Records contained in a dataset
☆ ☆ ☆ ☆

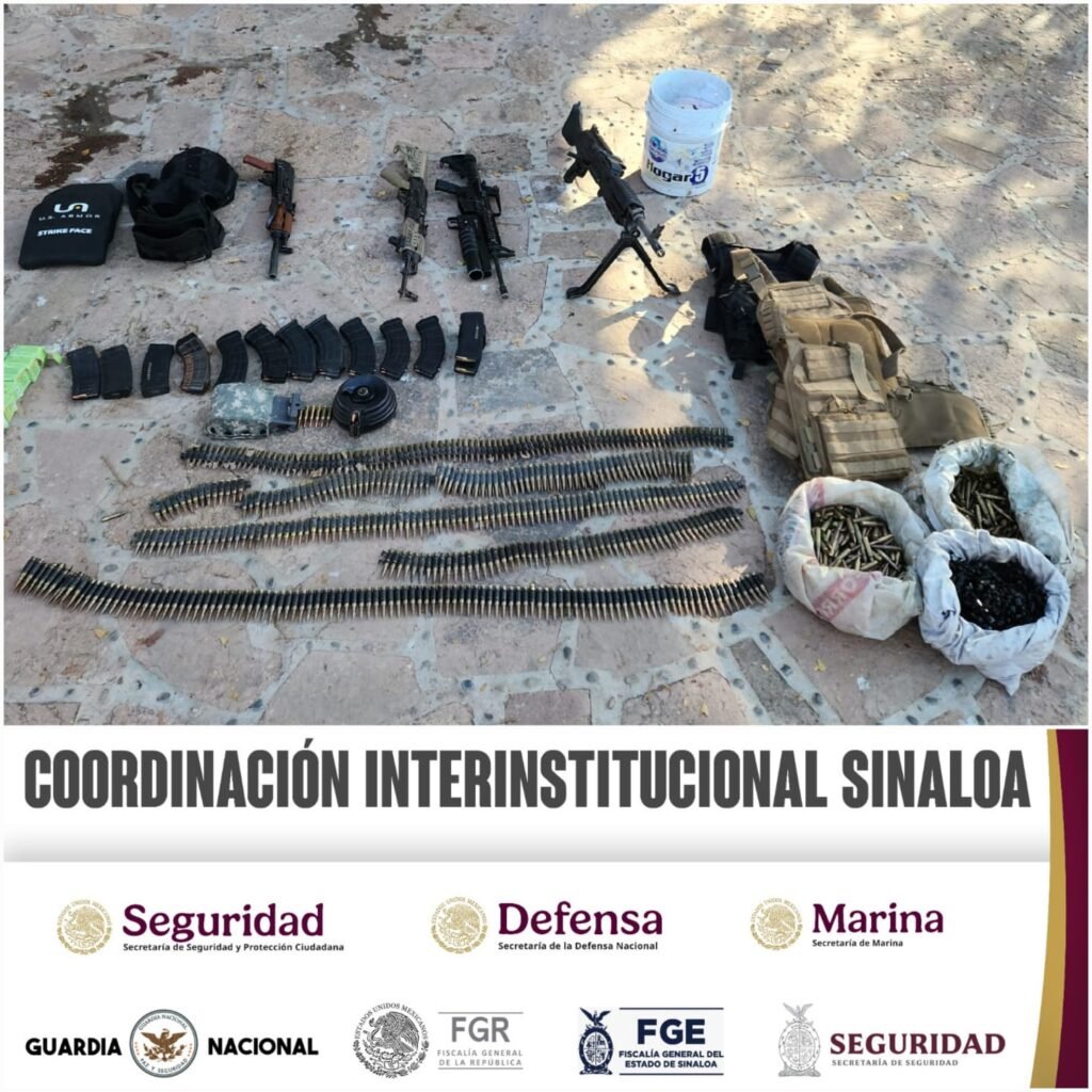 Personal del Ejército Mexicano, en coordinación con la Guardia Nacional, la Fiscalía General de la República, la Fiscalía General del Estado y la Secretaría de Seguridad Pública del Estado a través de la Policía Estatal Preventiva, llevó a cabo el aseguramiento de armas, municiones y tres vehículos, uno de ellos con reporte de robo en el municipio de Culiacán.
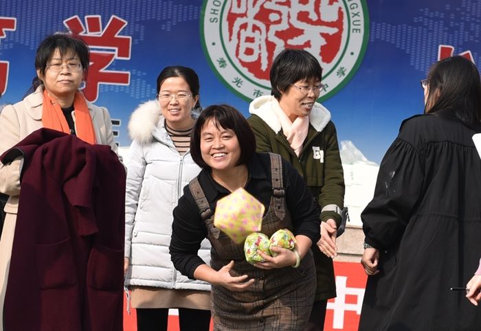 3月4日,生机盎然,万象更新,我校“健康、美丽、感恩”主题庆“三八”趣味比赛在体育场举行。校领导傅伟宗热情致辞,女工主任袁珊主持,6支跳绳代表队、7支掷包打靶队、21个双人踢毽小组共168名女教职工参加了比赛。
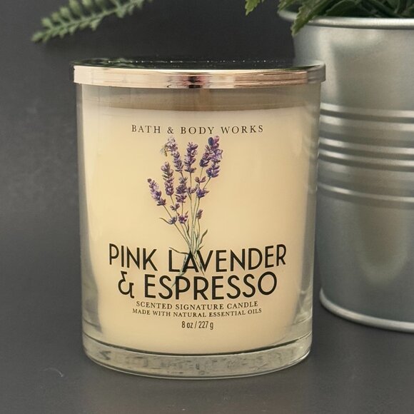 Pink Lavender & Espresso Bath & Body Works single wick candle 8 oz./227 g.
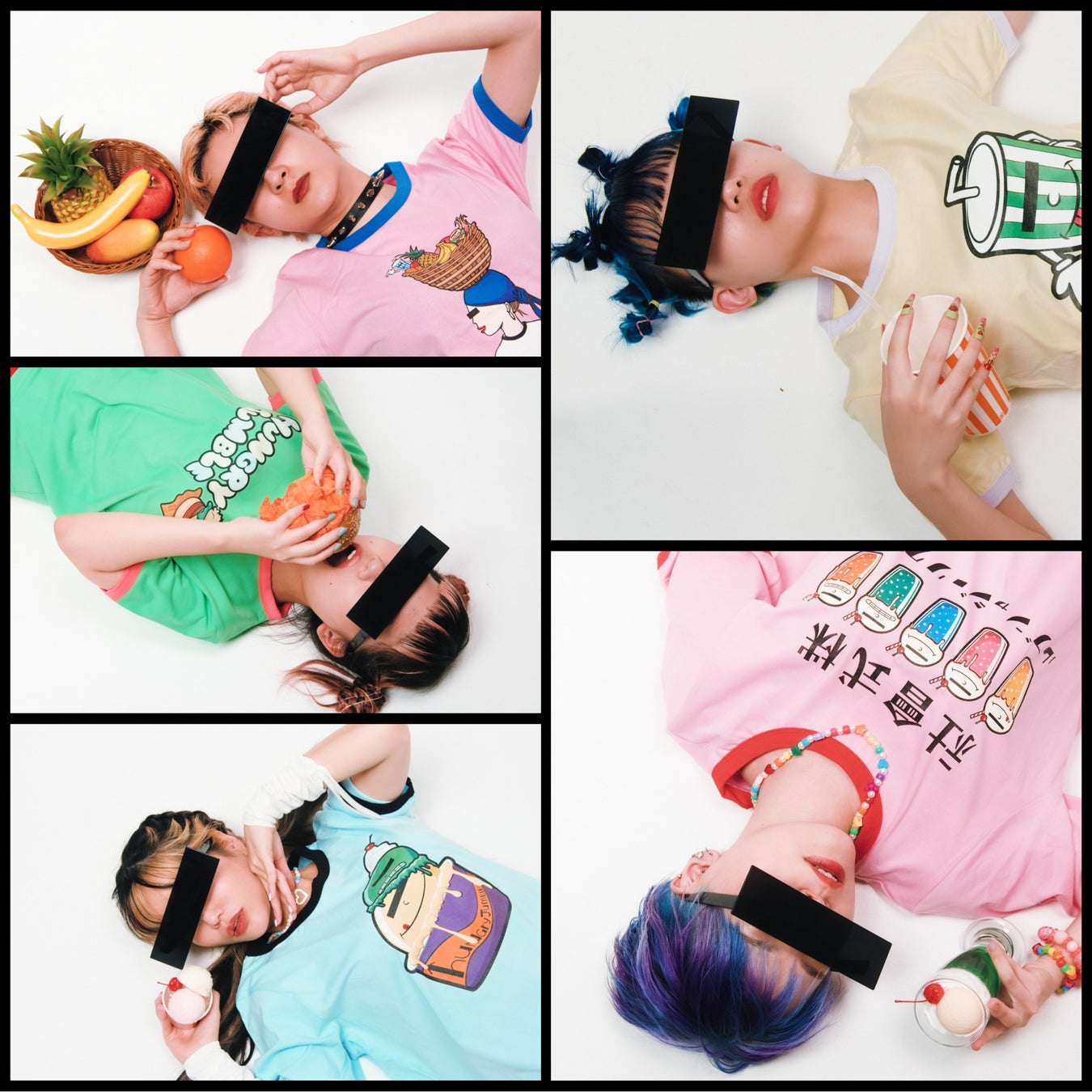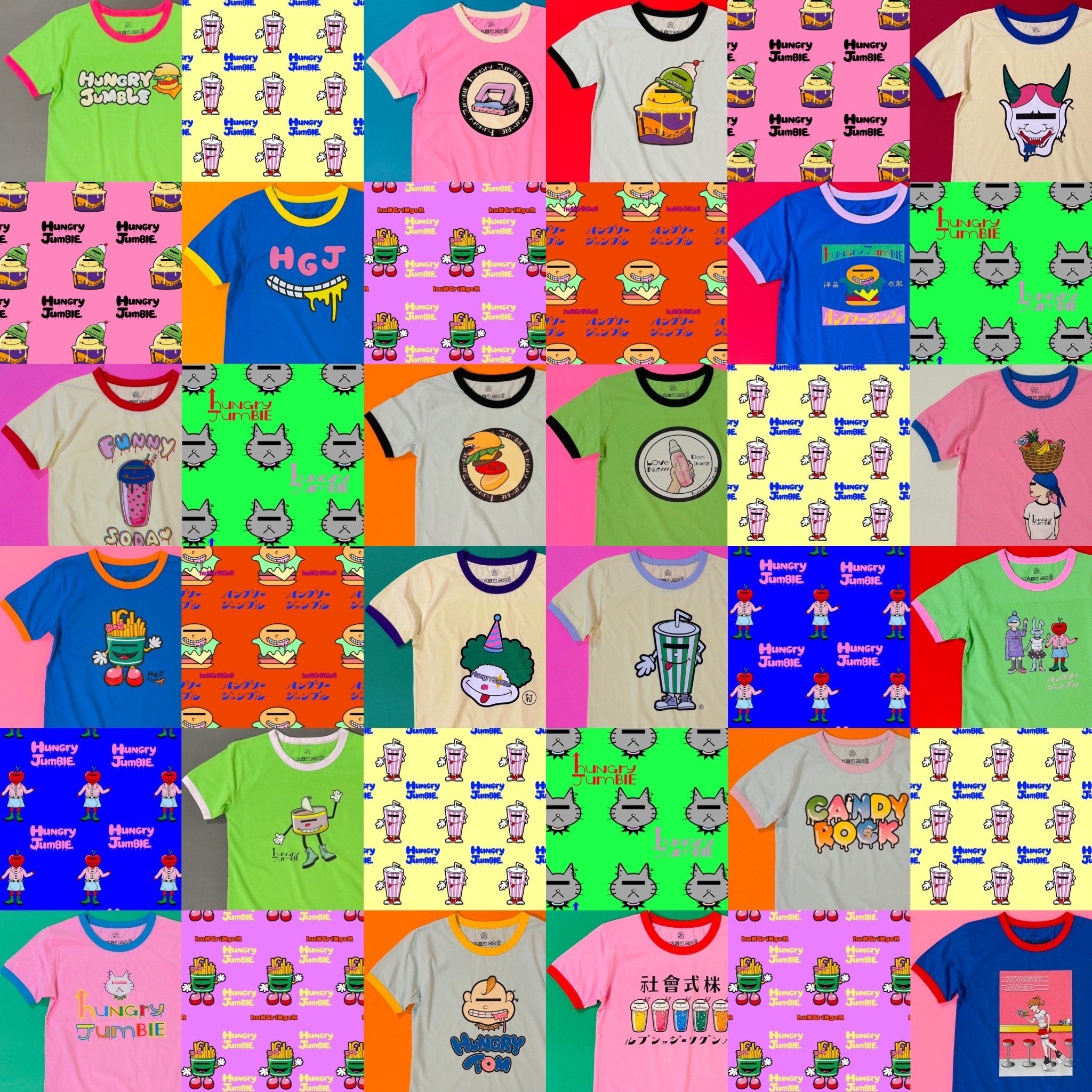 huNGry JumBlE カラフルなオリジナルリンガーTシャツ“huNGriNGeR” 20 種類を同時販売。好きなカラーのリンガーTeeとプリントデザインを選べるカスタマイズも可能
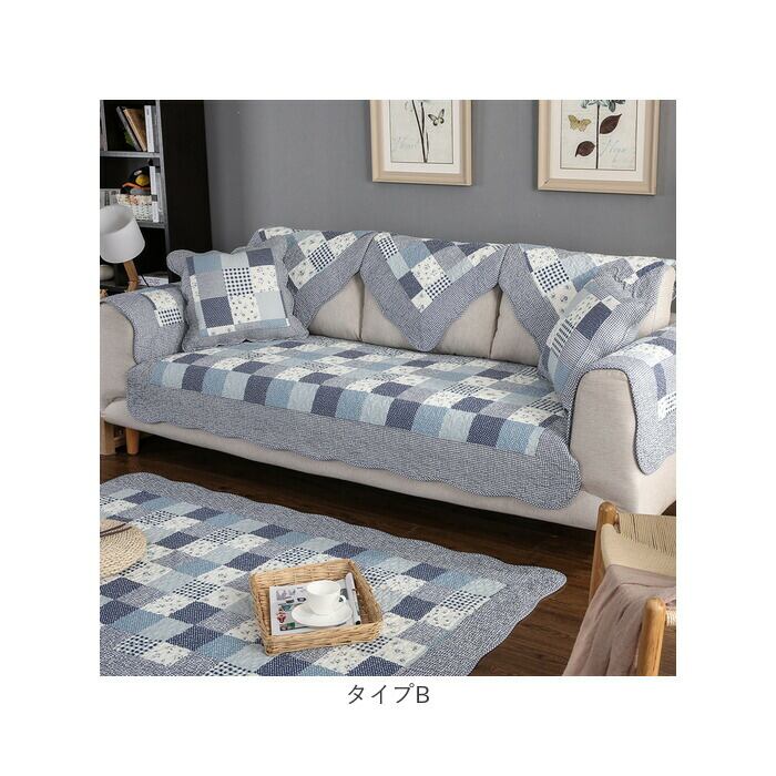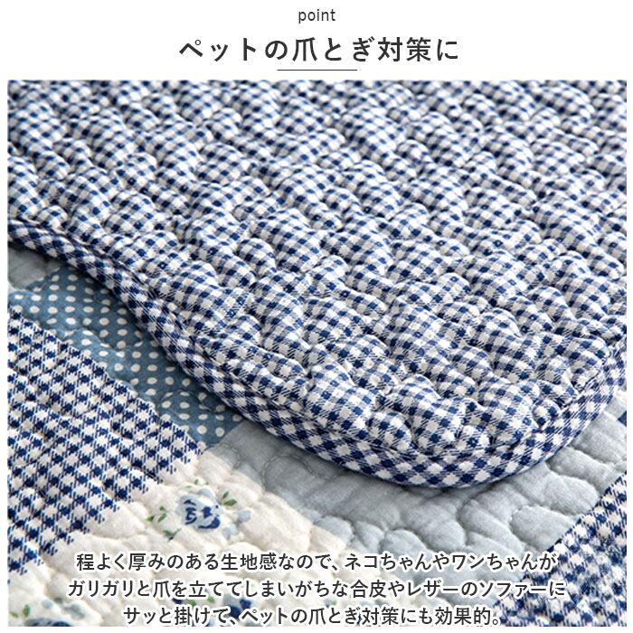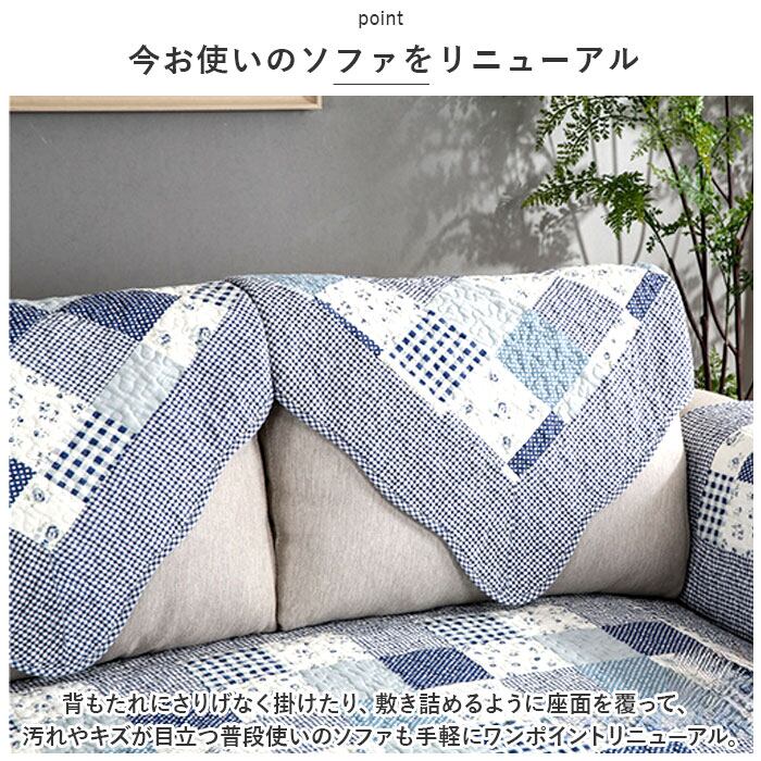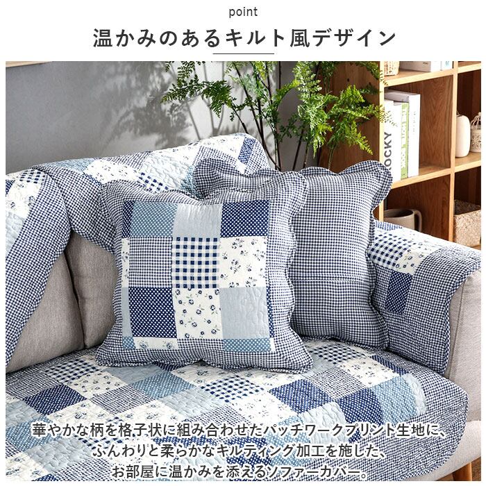 ・華やかな柄を格子状に組み合わせたパッチワークプリント生地に、ふんわりと柔らかなキルティング加工を施した、お部屋に温かみを添えるソファーカバー。
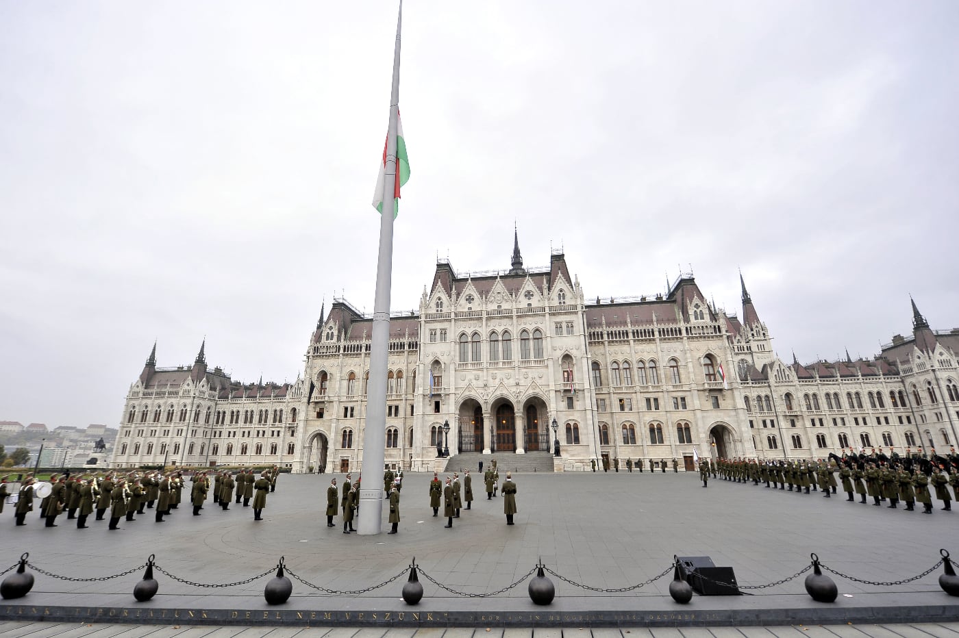 Katonai tiszteletadás mellett Benkő Tibor honvédelmi miniszter és Korom Ferenc, a Magyar Honvédség parancsnoka jelenlétében felvonták, majd félárbócra engedték Magyarország nemzeti lobogóját az 1956-os forradalom és szabadságharc leverésének 64. évfordulóján, szerda reggel Budapesten, a Parlament előtti Kossuth Lajos téren.

☆ ☆ ☆ ☆

Task item: For the entries above, return an exact copy that omits the images.

Your solution:
 Personal del Ejército Mexicano, en coordinación con la Guardia Nacional, la Fiscalía General de la República, la Fiscalía General del Estado y la Secretaría de Seguridad Pública del Estado a través de la Policía Estatal Preventiva, llevó a cabo el aseguramiento de armas, municiones y tres vehículos, uno de ellos con reporte de robo en el municipio de Culiacán.
 3月4日,生机盎然,万象更新,我校“健康、美丽、感恩”主题庆“三八”趣味比赛在体育场举行。校领导傅伟宗热情致辞,女工主任袁珊主持,6支跳绳代表队、7支掷包打靶队、21个双人踢毽小组共168名女教职工参加了比赛。
 Pink Lavender & Espresso Bath & Body Works single wick candle 8 oz./227 g.
 huNGry JumBlE カラフルなオリジナルリンガーTシャツ“huNGriNGeR” 20 種類を同時販売。好きなカラーのリンガーTeeとプリントデザインを選べるカスタマイズも可能
 ・華やかな柄を格子状に組み合わせたパッチワークプリント生地に、ふんわりと柔らかなキルティング加工を施した、お部屋に温かみを添えるソファーカバー。
 Katonai tiszteletadás mellett Benkő Tibor honvédelmi miniszter és Korom Ferenc, a Magyar Honvédség parancsnoka jelenlétében felvonták, majd félárbócra engedték Magyarország nemzeti lobogóját az 1956-os forradalom és szabadságharc leverésének 64. évfordulóján, szerda reggel Budapesten, a Parlament előtti Kossuth Lajos téren.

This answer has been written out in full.